The ice storm came a few days early this year.
The Arkansas Travelers held their annual hot stove meeting Tuesday night in North Little Rock. When the Travelers host the hot stove gathering, it’s usually a recipe for either winter weather or, as was the case two years ago, tornadoes.
My friend Mike Dugan, who knows as much about the sport of baseball and its history as anyone I’ve met, always drives up from Hot Springs for the hot stove meeting. He can tell some horror stories of sliding back to Hot Springs on slick roads following these winter gatherings in years past.
It was a bit chilly this year, but otherwise the weather was fine. The term “hot stove” often is used in baseball lingo to refer to offseason activities. The daily offseason show of record on the MLB Network is titled “Hot Stove,” in fact.
Having attended this event for the past 20 years, I can never remember a larger crowd for a Travelers hot stove meeting. There has been a renewal of interest in minor league baseball nationwide in recent years. And rather than having fan interest drop off significantly after the first season of playing games at Dickey-Stephens Park, interest in the Travelers seems at an all-time high as they prepare to play their fourth season there.
I have great memories of that first Dickey-Stephens game on the evening of Thursday, April 12, 2007. Walking around the ballpark, you could tell this was a place where virtually everything had been done correctly. For once, the architects had listened to the baseball people. You knew attendance would be high that season. People would come simply because they wanted to check out a new facility. But they kept coming in 2008 and 2009. I expect good crowds again this year.

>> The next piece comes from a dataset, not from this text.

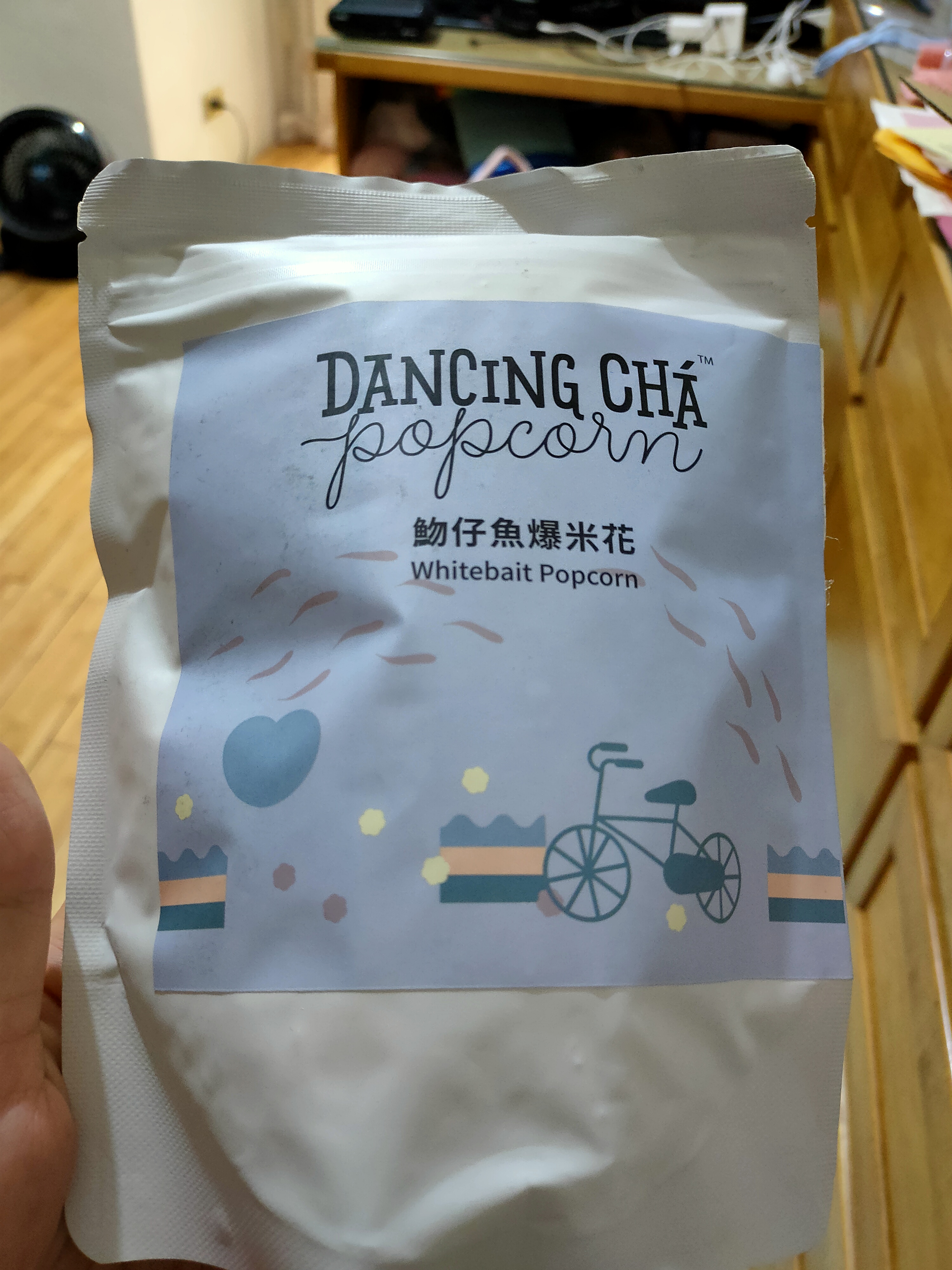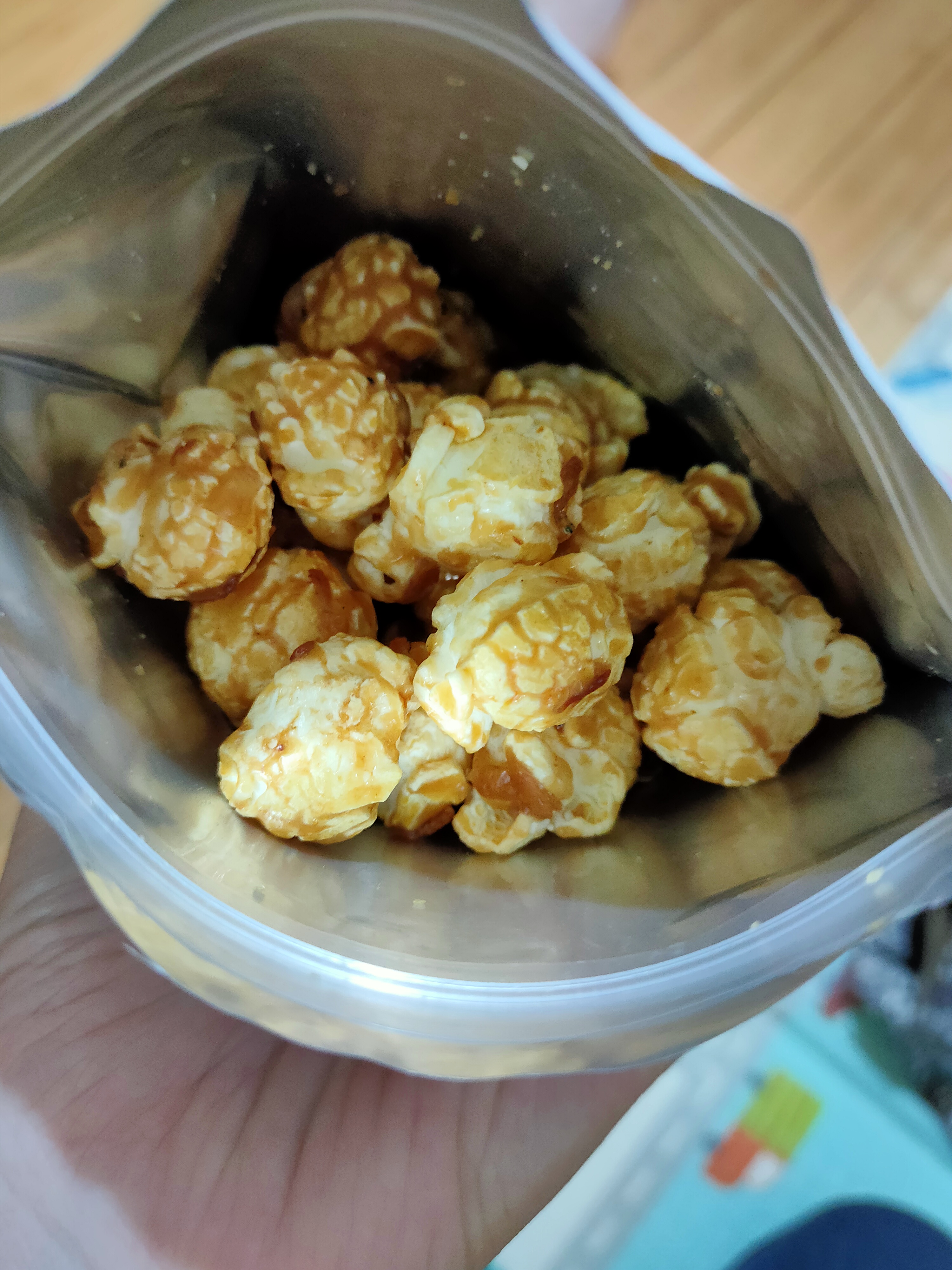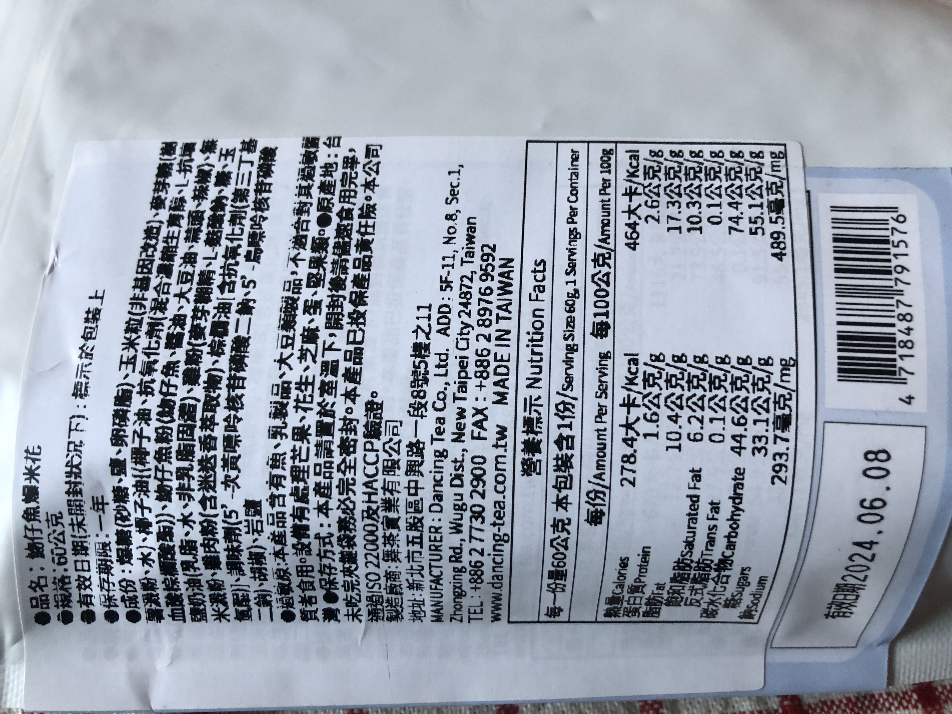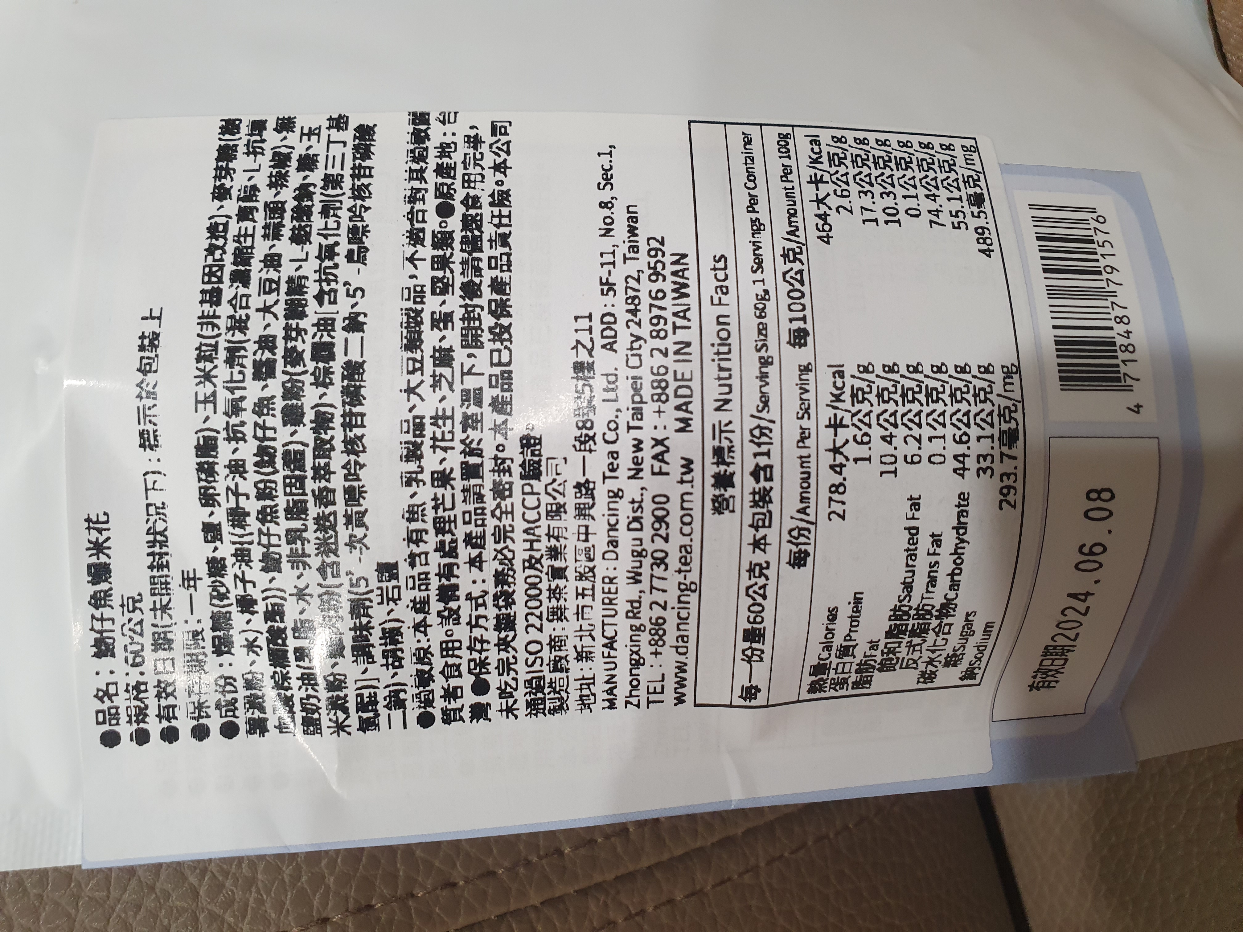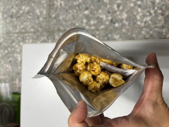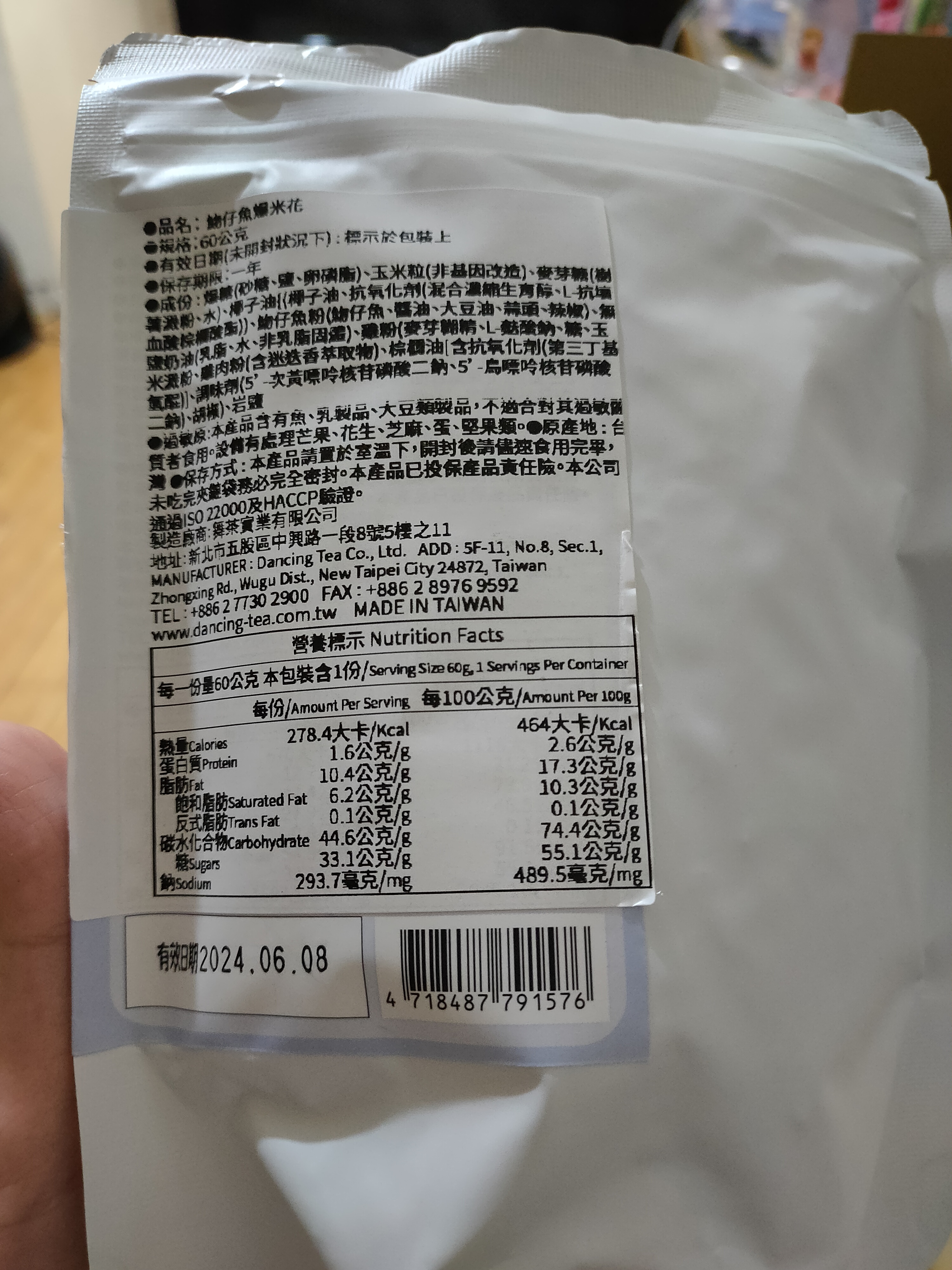 爆糖(砂糖、鹽、卵磷脂)、玉米粒(非基因改造)、麥芽糖(樹薯澱粉、水)、水、椰子油{(椰子油、抗氧化劑(混合濃縮生育醇、L-抗壞血酸棕櫚酸酯))、魩仔魚粉(魩仔魚、醬油、大豆油、蒜頭、辣椒)、無鹽奶油(乳脂、水、非乳脂固體)、雞粉(麥芽糊精、L-麩酸鈉、糖、玉米澱粉、雞肉粉(含迷迭香萃取物)、棕櫚油[含抗氧化劑(第三丁基氫醌)]、調味劑(5’-次黃嘌呤核苷磷酸二鈉、5’-鳥嘌呤核苷磷酸二鈉)、胡椒)、岩鹽

Travelers fans might be interested in knowing that there’s an informative blog called Travs and Such, which can be found at www.travsandsuch.blogspot.com. Here’s what that blog had to say about Tuesday’s event at the North Little Rock Chamber of Commerce: “For what is essentially a non-event, I sure do look forward to the hot stove every year. Look, the hot stove is basically hot dogs, beer, some giveaways, the usual smoke being blown about the organization and how they love their affiliates, the Travs staff and a roomful of people who care way too much about baseball. There is nothing going on worth the effort it takes to get out on a cold February night. Yet there I was, in a standing-room-only crowd, dreaming of April evenings at the ballpark.”
Yes, we were all dreaming of April. The older I get, the less tolerant I become of winter. I realize there are still several weeks of winter staring us in the face (it appears as if it will be cold all of next week). But we can dream.
The Travelers open the season on April 8 in Midland. The home opener is Thursday, April 15, also against Midland. Those wanting to buy season tickets can call 664-1555.
Once again this year, all of the Travelers games will be on KARN-AM, 920, their traditional home back in the days when Jim Elder did homes games and re-created the road games from a Little Rock studio. For a number of years, there was no coverage at all of Trav road games, making them one of the few AA teams not to broadcast games on the road. The Travs finally moved into the 20th century early in the 21st century when Phil Elson was hired in 2001 as the club’s first full-time broadcaster.
Luckily for Arkansas fans, Elson, now 33, found a home and decided to stick around for the past decade. Continuity is a good thing — and a rare thing — in minor league baseball. Elson recently was named the Arkansas Sportscaster of the Year by the National Sportscasters and Sportswriters Assocation. For much of the past decade, Elson’s broadcasts were bounced from station to station, sometimes on signals that were even hard to pick up at night at my home near Foxwood. So it’s good to have the Travelers on KARN’s 5,000-watt AM signal for a second consecutive season.
By the way, I may take off work on May 11. The Travelers and the Springdale Cardinals play an 11 a.m. game that day. At 7 p.m. the same day, the University of Arkansas baseball team will take on Louisiana Tech. Thus in its fourth season, Dickey-Stephens Park will host its first day-night doubleheader — one professional game and one college game. It should be fun.
With football ending Sunday (Geaux Saints!), spring cannot get here soon enough. I have the winter blues. The cure is to remind myself that pitchers and catchers report later this month.